_HOW TO COMPLETE THIS TASK_:
Set down each line of the material that follows exactly, and leave its pictures out.

[SUPPLIED INFORMATION Boundary: Start]

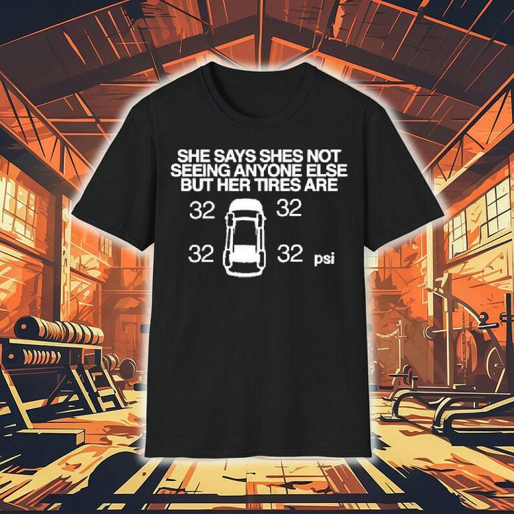 Comfort meets fashion with She Says She Not Seeing Anyone Else But Her Tires Are Shirt, as she sat across the table from me, she looked me straight in the eye and said, “I’m not seeing anyone else.” But as I glanced out the window, I noticed her car’s tires were slashed and the word “shirt” was spray painted on the hood. Something didn’t add up.
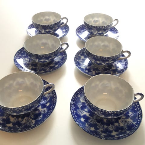 Er en ubetydelig feil på den ene koppen: er det et lite merke øverst og litt på kanten av koppen (se bildet). Selges derfor billig til totalt kr 120,-.
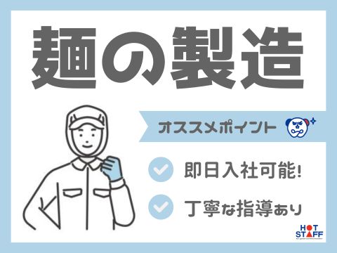 【未経験OK】様々な麺類の製造スタッフ/従業員特典あり/土日休み

[SUPPLIED INFORMATION Boundary: End]

_EXERCISE SOLUTION_:
 Comfort meets fashion with She Says She Not Seeing Anyone Else But Her Tires Are Shirt, as she sat across the table from me, she looked me straight in the eye and said, “I’m not seeing anyone else.” But as I glanced out the window, I noticed her car’s tires were slashed and the word “shirt” was spray painted on the hood. Something didn’t add up.
 Er en ubetydelig feil på den ene koppen: er det et lite merke øverst og litt på kanten av koppen (se bildet). Selges derfor billig til totalt kr 120,-.
 【未経験OK】様々な麺類の製造スタッフ/従業員特典あり/土日休み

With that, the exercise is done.